2021-01-01 custom "fava-sidebar-link" "Clear All" "/jump?account=&time=&filter="
動作概要
- Current Month:現在の月にフィルタされた取引ビューを開く
- Last Month:前月に即座にジャンプ(月末レビューに最適)
- Clear All:フィルタをリセットし、全エントリを再表示
これらのショートカットにより、手動で時間を入力する手間が省け、Fava の操作感がより流動的かつパーソナライズされます。
🔍 カスタム SQL クエリ
さらに深い洞察が必要な場合は、Fava の SQL インターフェースが非常に強力です。以下は、特定パターンにマッチする勘定科目の マイナス残高 をすべて抽出するクエリ例です。異常取引のフラグ付けに最適です。

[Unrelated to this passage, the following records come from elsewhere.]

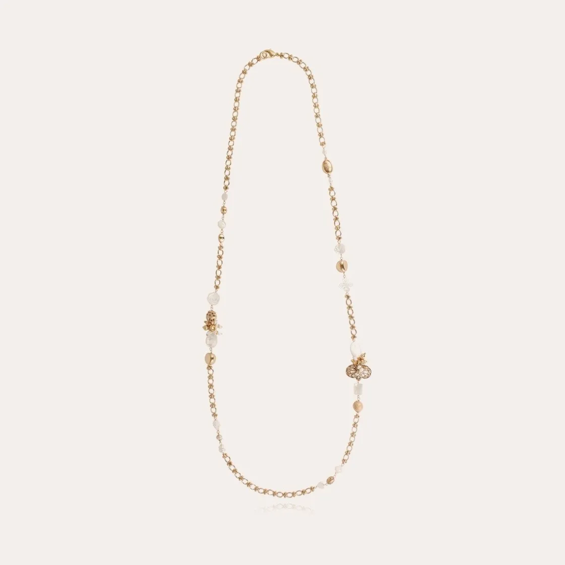 Gold plated long necklace adorned with white Mother-of-pearls, glass beads, pendants and gemstones. To be worn as a long necklace or doubled around the neck.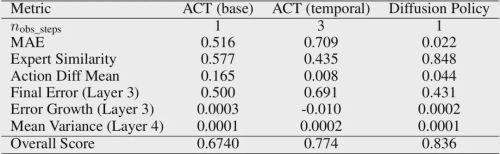 我们选择ACT(base)、ACT(temporal)、Diffusion Policy策略在VTouch数据集上进行验证,得到结论: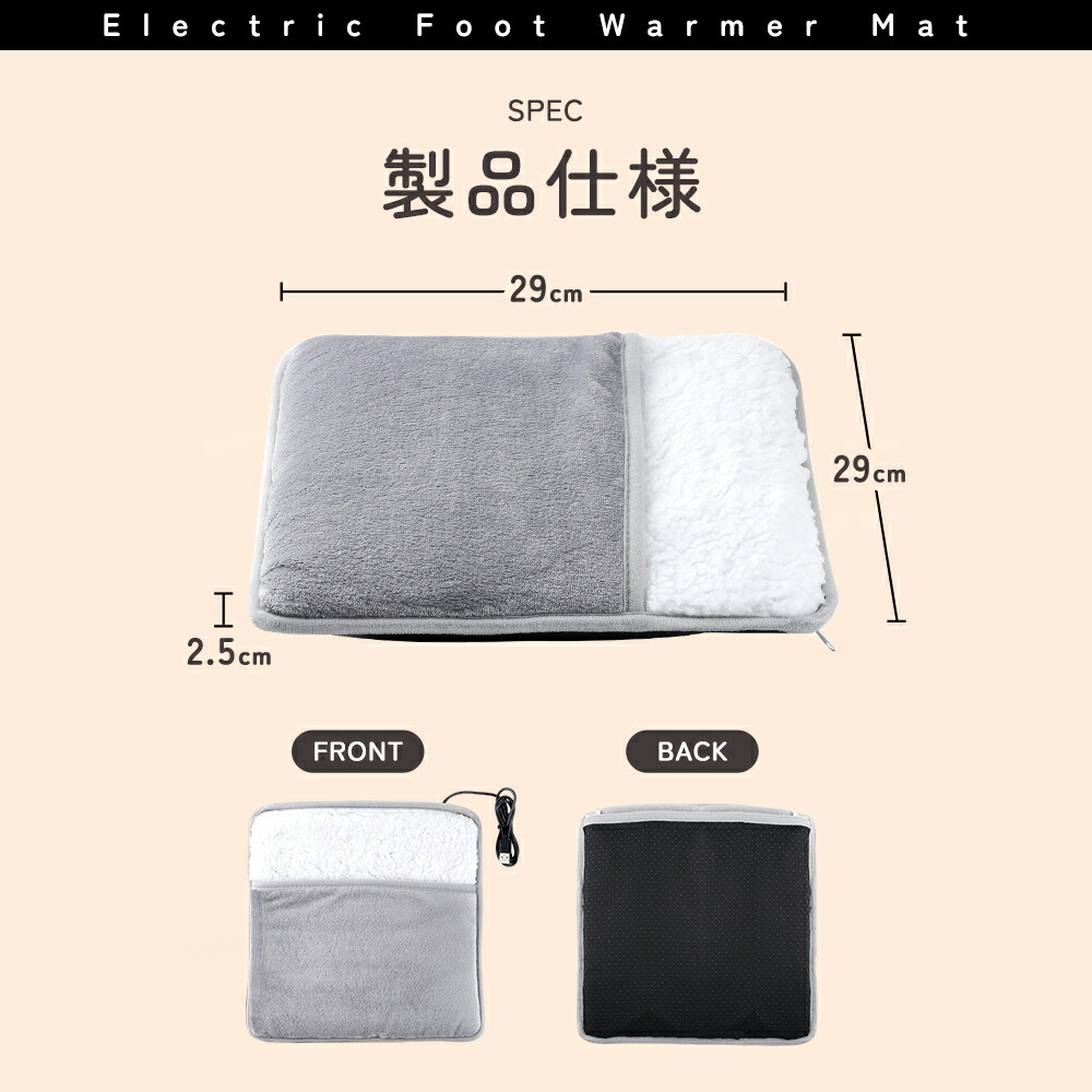 本製品は、足をすっぽり包み込むクッションタイプの電気足温マット。
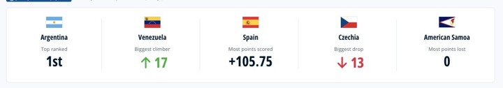Latest FIFA world rankings: Argentina remain in 1st, while Spain rise five spots.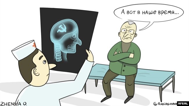 Анатолий Стреляный: На волнах Радио Свобода передача о советских мифах, об их создателях и носителях, то есть о крестьянстве, о деревне, хлынувшей в город таким бурным потоком, что в начале 60-х годов доля городского населения стала приближаться к 70 процентам, а в середине 20-х было меньше 20. В любом обществе население очень боится перемен, в том числе, наверное, и потому, что при каждой большой перемене волна выносит наверх новых людей, кто был никем, становится всем. Это голые люди, к ним мало что пристало из накопленного прежним порядком, они не отрицают, например, Пушкина, он для них просто не существует. "Жили-были две шмары, Татьяна и Ольга. У них были два ухажера - Ленский и Онегин". Это не из разговора уголовников на нарах, это из школьного сочинения 1926 года. Когда перемен не удается избежать, когда является новый порядок, новая сила, такая, что ее не преодолеть, люди начинают ее использовать, раз нельзя ее устранить, они начинают с нею играть, применяют способы, которые, по словами одного исследователя, "напоминают способы мимикрии растений и рыб, которые пришли из лесов и океанов на улицы наших деревень и городов. Потребление порядка, созданного другими, создаёт определённую игру с этим порядком, пространство для маневра неравных сил, бесчисленное множество способов игры в чужие игры, и порча этих игр. И наступает момент, когда игра оказывается так испорчена бессознательными, а, частью, и сознательными усилиями обеих сторон, что больше не может продолжаться. Миф свое отработал. Миф умирает".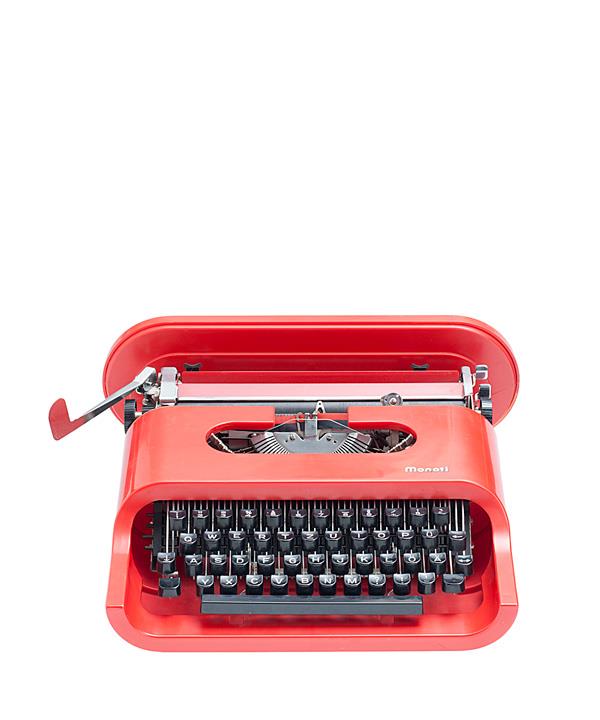Schreibmaschine Monpti (ohne Schubkoffer) Eigenschaften: Typenhebel, Vorderanschlag, einfache Umschaltung, Farbband Tastatur: universal, vierreihig, 44 Schreibtasten Design: Stefan Lengyel Besonderheit: entstand vor der Schreibmaschine Olivetti Valentine, Seriennummer 018007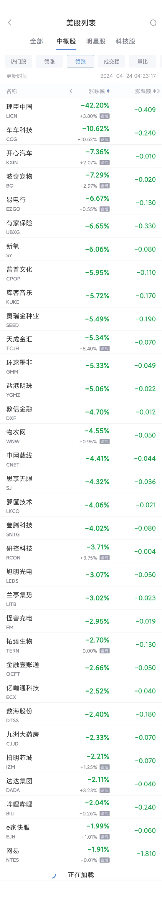 领跌中概股列表: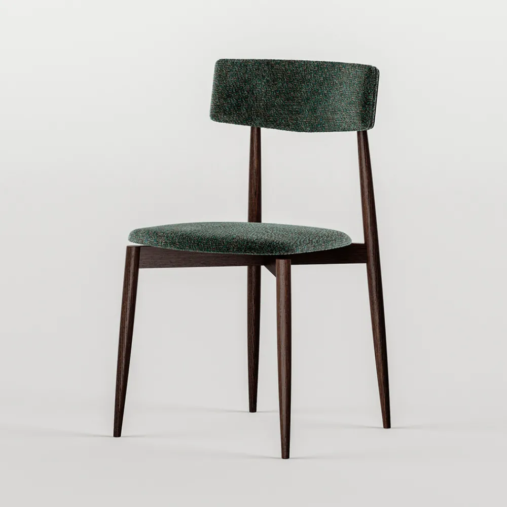 Praktisch und vielseitig ist die Kombination aus sorgfältigen manuellen Prozessen und dem Einsatz von Maschinen der neuesten Generation. Die Liebe zum Detail, vom Metalldetail auf der Rückseite über die besondere Form der Beine bis hin zur Kombination mit exklusiven Stoffen, machen ihn zu einem raffinierten Stuhl mit Charakter.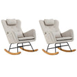Our rocking armchair is upholstered in high-quality faux linen fabric that emulates the look and feel of traditional linen while being easy to maintain. The soft and durable fabric adds a touch of sophistication to your home. Sink into the plush, generously padded seat and backrest, and enjoy a comfortable and supportive seating experience. The included headrest and bolster pillow cradle your head and lower back, providing added comfort and relaxation as you rock gently.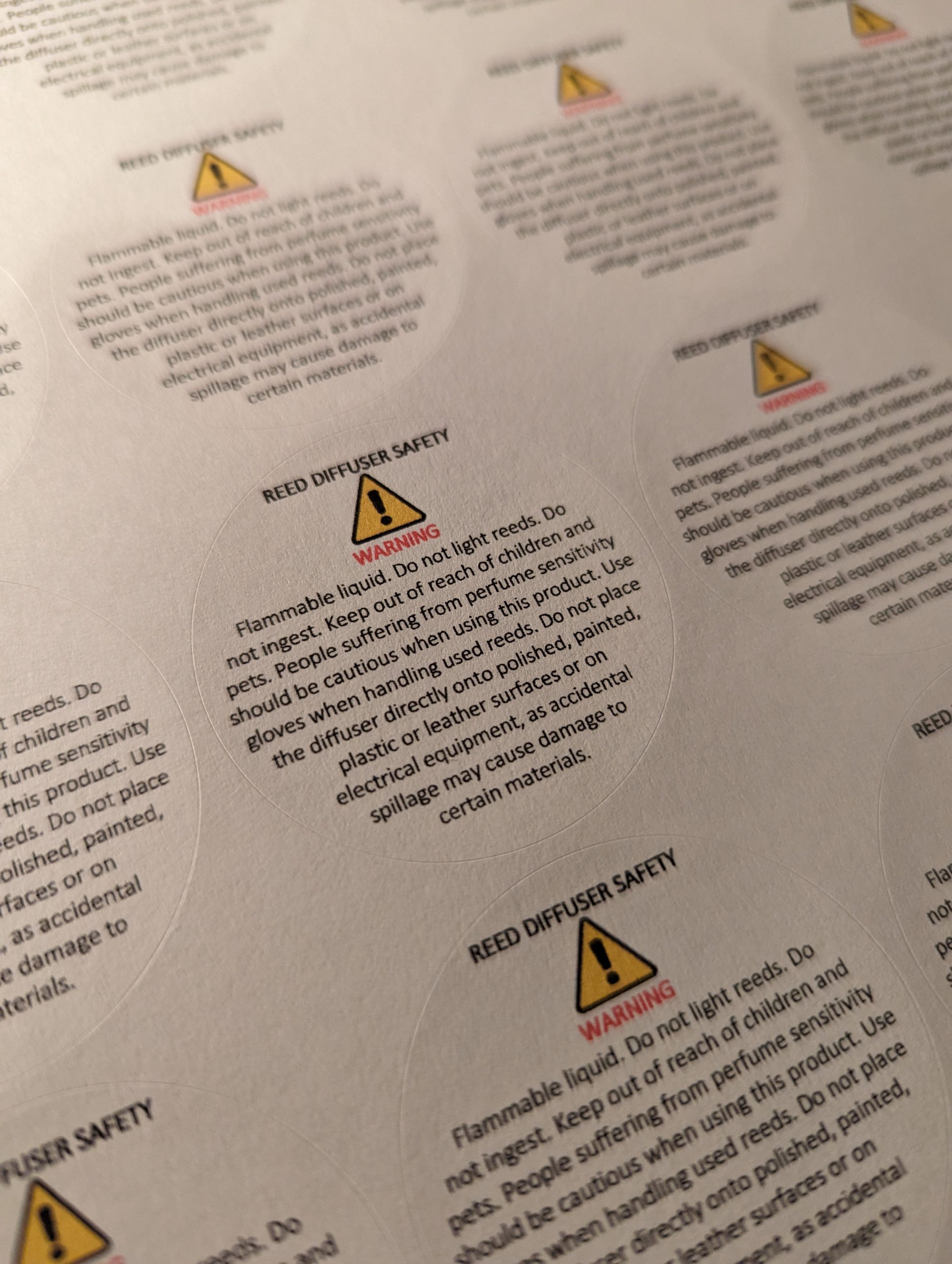 We print safety labels for candles, wax melts, diffusers and room sprays. There are 24 round 45mm labels per sheet.

SELECT account, units(sum(position)), sum(position)
WHERE number(units(position)) < 0
AND account '.*:BCM:.*'
AND date >= DATE(2021,12,9)
AND date < DATE(2022,1,9)
クエリの構成要素
account '.*:BCM:.*'
:名前に:BCM:
を含む勘定科目をフィルタnumber(units(position)) < 0
:マイナス残高(例:予算超過)を検出- 日付条件で 1 カ月間に絞り込み
活用例
- 重複経費や誤った仕訳のエラー検出
- 特定ベンダーやカテゴリの監査
- 予算策定のための実用的インサイト抽出
🛠 プロのコツ:リンクとクエリを組み合わせる
Fava ではカスタムクエリへの直接リンクは作れませんが、以下の手順で月次レビュー習慣を構築できます。
- 「Current Month」リンクでレビューを開始
- 別ペインで保存済みクエリタブを開く
- まずフィルタを適用し、次にクエリで詳細分析
この組み合わせにより 異常を早期に捕捉 し、Ledger のクリーンさを維持 できます。
最後に
Beancount はミニマル設計ですが、こうした小さな拡張で効率は飛躍的に向上します。予算の見直し、奇妙な残高のデバッグ、クリック数の削減など、カスタムリンクと SQL クエリは「パワー」を増し「摩擦」を減らします。
ボーナス:もし Fava のカスタムレポート を利用しているなら、個人のファイナンス習慣に合わせたダッシュボードも構築可能です。
さあ、コントロールを手に入れましょう!
まずは小さく始めてみてください。 「Current Month」リンクを追加し、次に自分だけのクエリを作成。将来の自分が感謝するはずです。